В тот вечер они долго кричали друг на друга, Жилец в сотый раз пообещал Марату, что взорвет мину в голове, а Марат в сотый раз пообещал Жильцу, что задушит его. Потом, в полночь, сидя на подоконнике опочивальни, в попытке успокоить нервы бывший пилот долго расстреливал зажигательными ракетами зеленое небо.
В Городе было три чистых квартала. У самого подножия Пирамиды в просторных глинобитных особняках жили старые воины: овеянная славой и почестями гвардия. Пятнадцать охотников: те, с кем Владыка пересек горы и завоевал побережье. Чуть дальше обосновались металлурги: лично Маратом созданный элитный класс рудознатцев, кузнецов и ремесленников — пионеры нового, железного века, умеющие изготавливать ножи, мечи, защитные доспехи, посуду и украшения. Третий район населяли бизнесмены, их территория была обширна и неоднородна. Богатые коммерсанты и те, кто имел заслуги перед Владыкой, селились рядом с Пирамидой, их менее зажиточные коллеги — дальше, и по мере приближения к берегу чистый торговый квартал постепенно превращался в скопище харчевен, ночлежек и воровских притонов — несмотря на поздний час, в иных окнах, занавешенных рыбьими шкурами, можно было различить слабые полоски света.
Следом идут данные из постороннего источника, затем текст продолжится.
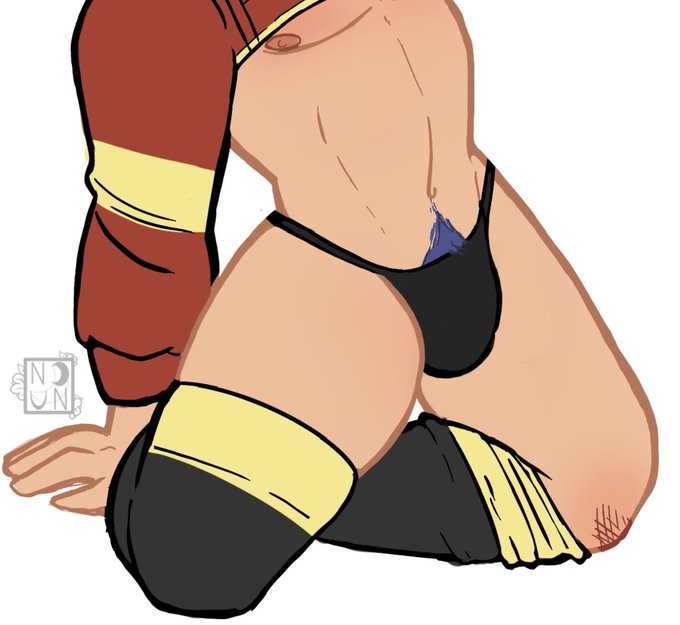 Whenever I draw a character in sexy stockings, it’s an Art Trope of mine to just, have one of them falling down. I like to have fun.
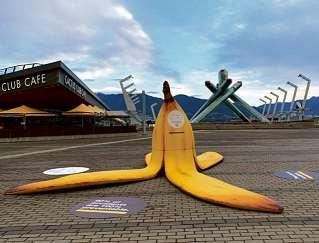 "Toremindyouthatmostinjuriesyou canseecoming,we'veputamassive bananapeelsculpturebytheOlympic Cauldron,"writesthenon profit organizationonTwitter "90percentof accidentsare100percentpreventable" BigBanana,theofficialnamefor the"sillysculpture"accordingto theorganization,wasondisplaythe afternoonofNov 2 Thisisn'tthefirsttimeabananapeelhas beenploppedaroundVancouver
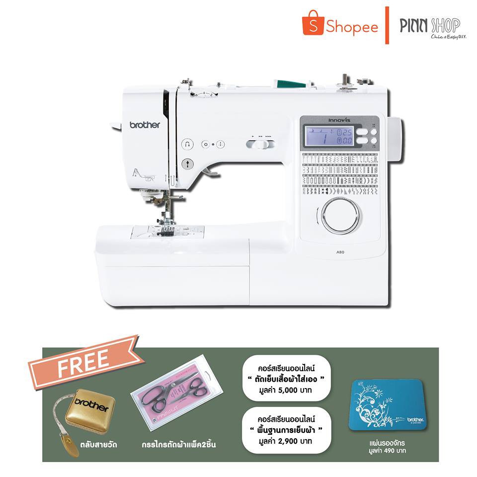 คุณสามารถซื้อ Brother จักรเย็บผ้าระบบคอมพิวเตอร์ รุ่น A80 พร้อมกรรไกรตัดผ้าแพ็ค2ชิ้น และตลับสายวัด แถมแผ่นรองจักร+ >>ออนไลน์ได้ที่นี่<<

Здесь делили украденное.
Марат подобрал увесистый камень и запустил в одно из окон. Невидимый мужчина сдавленно ахнул, невидимая женщина бешеным шепотом приказала заткнуться и пожелала кому-то всю жизнь сосать крабьи кости; свет исчез, воцарилась тишина.
В решении проблемы преступности Марат рассчитывал на Жильца (а на кого еще?), но крупно ошибся. Когда покоренные племена обжились на новом месте и стали возникать первые конфликты по поводу дележа мест для рыбной ловли, Владыка задумался о создании кутузки и простейшего уголовного кодекса. Пошел к Жильцу за советом и был изумлен, когда легендарный вор мрачно заявил, что думать о создании тюрьмы может только такой имбецил, как Марат, а уголовный закон должен предусматривать одно-единственное наказание для любого преступника, а именно: смертную казнь.